The National Cybersecurity Alliance and the Identity Defined Security Alliance (IDSA), present the first ‘Identity Management Day,’ an annual awareness event that will take place on the second Tuesday in April each year.
We heard from numerous cyber experts on identity management’s importance and how it has become an integral piece of creating a fortified cybersecurity posture.
“In the age of digital transformation, organizations are faced with a new set of Identity and Access Management challenges each day. Identity is becoming the new security perimeter. With less than a third of organizations implementing multi-factor authentication and another two-thirds sharing privileged access to systems and data, Identity and Access Management remain a significant concern. Due to legacy platforms, outdated policies, and limited integration, companies find it difficult to properly manage access to applications and data, putting their businesses at risk.

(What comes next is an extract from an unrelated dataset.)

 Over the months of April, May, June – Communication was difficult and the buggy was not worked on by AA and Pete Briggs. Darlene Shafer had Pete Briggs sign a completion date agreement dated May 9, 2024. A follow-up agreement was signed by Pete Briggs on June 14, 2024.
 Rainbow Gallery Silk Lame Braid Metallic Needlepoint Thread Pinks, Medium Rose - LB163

Identity Management Day is a great new channel to help raise awareness in the cybersecurity community and general workforce, highlighting the importance of structuring a secure Identity and Access Management program. As the industry trends towards a Zero Trust model, where network traffic is untrusted and requests to access any resource must be securely completed, next-generation IGA products are providing sleeker and automated ways to use AI and machine learning and help organizations be more preventive in granting access for both human and non-human accounts.”

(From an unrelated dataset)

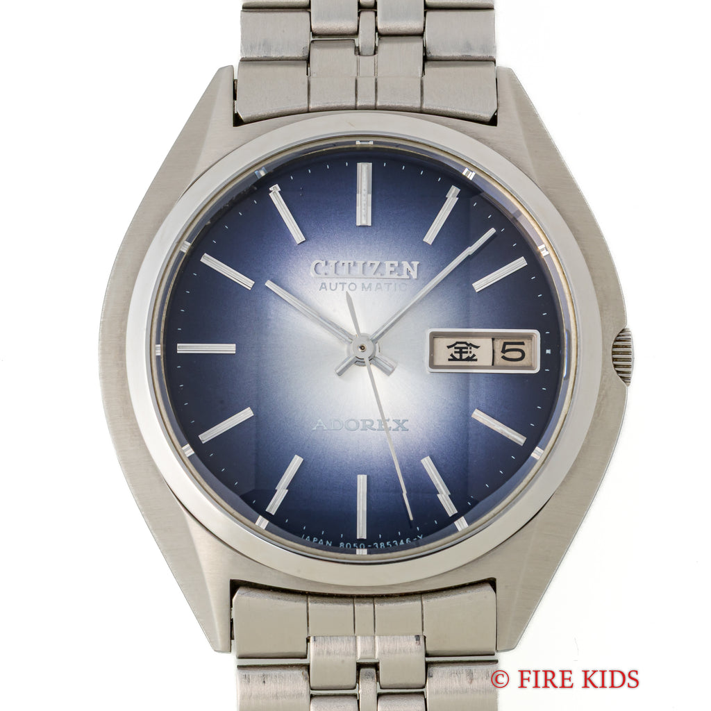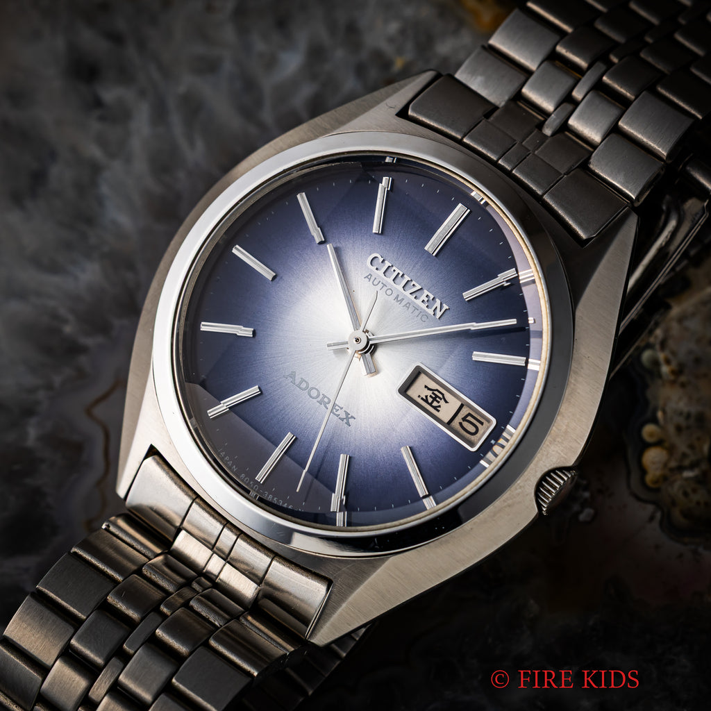 シチズン アドレックス Ref.4-385195TA 1975年製 ブルーグラデーションです。70年代らしいカットガラス、グラデーションダイヤルにデイデイト表示、自動巻きと実用性とユニークさを兼ね備えたモデルです。大きなダメージはなく良好なコンディションです。純正ブレス付きです。

Michael Magrath, Director, Global Regulations and Standards, OneSpan:
“In the U.S. we may be turning the corner and expect last year’s Improving Digital Identity Act to be re-introduced during the current congressional session while NIST is in the process of revising its Digital Identity Guidance. The government is playing a major role in verifying identities for public sector agencies as well as the private sector.

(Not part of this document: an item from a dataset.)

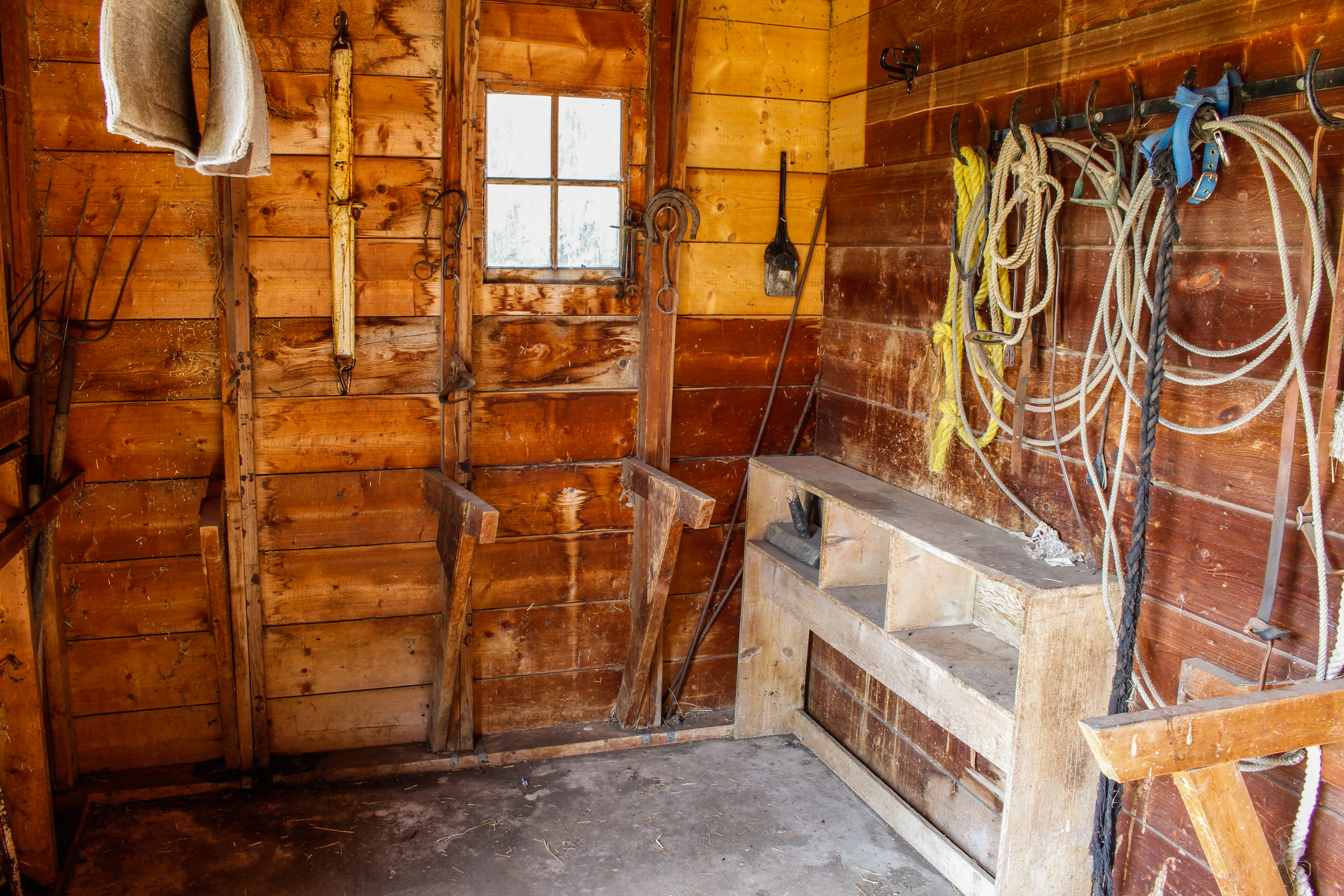 _MG_0707 Previous Next Published August 15, 2017 at 5184 × 3456 in Moser This frame shows the southern half of the western wall. This frame was taken whilst standing in the doorway on the southern end of the barn. Notice the stands for saddles on the western wall.

Another important recent development is the role governments are playing in verifying identities for public sector agencies as well as the private sector. For example, the U.S. Social Security Administration’s electronic Consent Based Social Security Number Verification (eCBSV) service verifies an individual’s name, date of birth, and SSN with consent of the individual when opening a bank account. Additionally, the HM Passport Office in the UK is piloting a similar service with passport information and pilots are also planned in the U.S. using passport data and current mailing address leveraging the State Department and Postal Service, respectively to verify identities. Technological advancements combined with government policy have advanced the adoption of FIDO authentication standards globally, while social distancing guidelines have made electronic signatures commonplace with more and more applications leveraging the technology being available including electronic wills, remote online notarization, electronic vehicle titling. Mobile driver licenses have been launched or are in pilots in several U.S. states which will enable Americans to prove who they are in a privacy enhancing way. Identity Management Day 2021 is exciting and I think we’ll look back to 2021 in a few years, admiring how far we have come.”